WASHINGTON (WASHINGTON POST) - If you're serious about peace and denuclearisation, maybe don't mention Libya.
That appeared to be the message North Korea had for the United States once again on Thursday (May 24) when Pyongyang lashed out at Vice President Mike Pence, calling him a "political dummy" and threatening a "nuclear-to-nuclear showdown," hours before Trump cancelled an upcoming denuclearisation summit in Singapore scheduled for June 12, citing "open hostility" by North Korea.
"As a person involved in the US affairs, I cannot suppress my surprise at such ignorant and stupid remarks gushing out from the mouth of the US vice-president," Choe Son Hui, a North Korean vice foreign minister, had said hours earlier.
The remarks came after Pence brought up Libya as an example of North Korea's possible fate in a Fox News interview on Monday, even though similar comments by Trump's national security adviser, John Bolton, and Trump himself had previously drawn ire in Pyongyang.
"As the president made clear, this will only end like the Libyan model ended if Kim Jong Un doesn't make a deal," Pence told Fox News.
Using almost the exact same words, Trump stressed last week that the example of Libya showed "what will take place if we don't make a deal."
Both were referring to the capture and killing of Libya's former leader Muammar Gaddafi by rebel forces in 2011, apparently as a warning to North Korea to give up its nuclear weapons.
But a closer look at history reveals that Libya may be the worst example Pence or Trump could have chosen - and could have contributed to the renewed escalation of tensions in recent days. The North African nation chose to voluntarily give up its nuclear weapons program in 2003 and to comply with Western conditions - but the United States and Europe later helped topple the Gadhafi regime, anyway.
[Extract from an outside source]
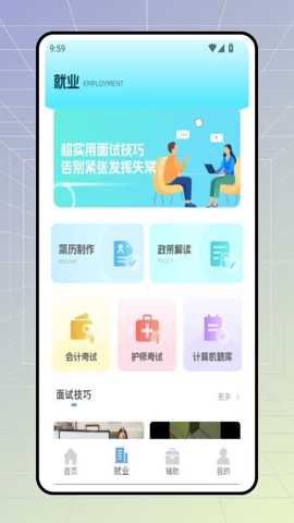职前通就业是一款专注于职业发展与就业能力提升的综合性学习辅助软件,整合了海量的行业知识课程、专业题库以及实用的求职工具,帮助用户系统性地构建专业知识体系,高效备考各类职业资格考试,并全面提升在就业市场中的核心竞争力。软件覆盖了从理论学习到面试实践的全流程,为不同背景的求职者和职场人士提供了一个个性化、一站式的成长软件。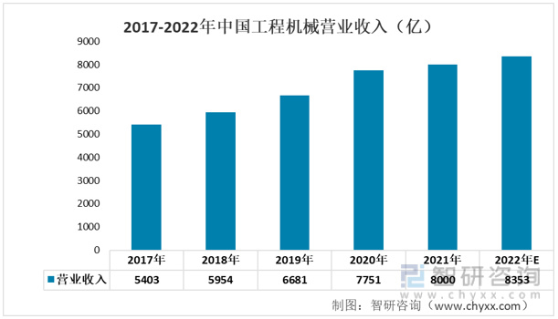 2017-2022年中国工程机械营业收入(亿)

It's easy to see why Pyongyang is becoming more agitated the more Washington brings up Libya.
The Bush administration has framed Libya's denuclearisation move as resulting directly from the 2003 US-led Iraq invasion and intelligence operations that cut off delivery routes for Libya's nuclear weapons programme.
In an interview with CNN, Gaddafi himself indicated the toppling of the Hussein regime in Iraq may have affected his decision to give up the programme.
"In word and action, we have clarified the choices left to potential adversaries," then-President George W. Bush said when he announced the program's dismantlement, indirectly referring to the Iraq War.
But analysts voiced criticism of the Iraq-Libya link at the time and suggested Bush may have been trying to use success in Libya to defend his Iraq legacy.
Gaddafi's concessions, wrote Brookings foreign policy analyst Martin Indyk in early 2004, were linked mostly to Libya's economic crisis after years of sanctions and mismanagement.
"The only way out was to seek rapprochement with Washington," Indyk wrote. While North Korea has long been able to rely on China, the United States was the dominant power in the Middle East in the early 2000s - leaving Gaddafi few choices.
Gaddafi's search for allies and international rehabilitation ultimately led him to strike a more conciliatory tone with the United States, according to Indyk.
"Fed up with pan-Arabism, he turned to Africa, only to find little support from old allies there. Removing the sanctions and their accompanying stigma became his priority," the analyst wrote.
Multiple reports suggest Gaddafi's willingness to negotiate an end to his nuclear weapons programme was initially rebuffed.
When offering to give up the programme in exchange for sanctions relief wasn't sufficient, the Libyan leader looked for ways to settle his dispute with Britain over the bombing of Pan Am Flight 103 in 1988 - a US condition for any further talks.
Overall, 270 people died in the attack, for which Gaddafi ultimately claimed responsibility in 2003, even though he maintained he had not ordered the bombing. To settle the conflict with Britain, Libya agreed to pay at least US$5 million to the families of each of the 270 victims.
The settlement paved the way for the end of Libya's nuclear weapons programme and verification by international inspectors.
Four years after giving up his clandestine weapons programme, Gaddafi appeared rehabilitated as he arrived in Paris for a five-day visit.
"If we don't welcome countries that are starting to take the path of respectability, what can we say to those that leave that path?" said France's then-president, Nicolas Sarkozy, defending the visit against critics.
When the Arab Spring began in 2011, however, Sarkozy was among the leaders behind a military intervention in Libya that helped topple Gaddafi - a scenario that would have been hard to imagine had Libya been in control of nuclear weapons at the time.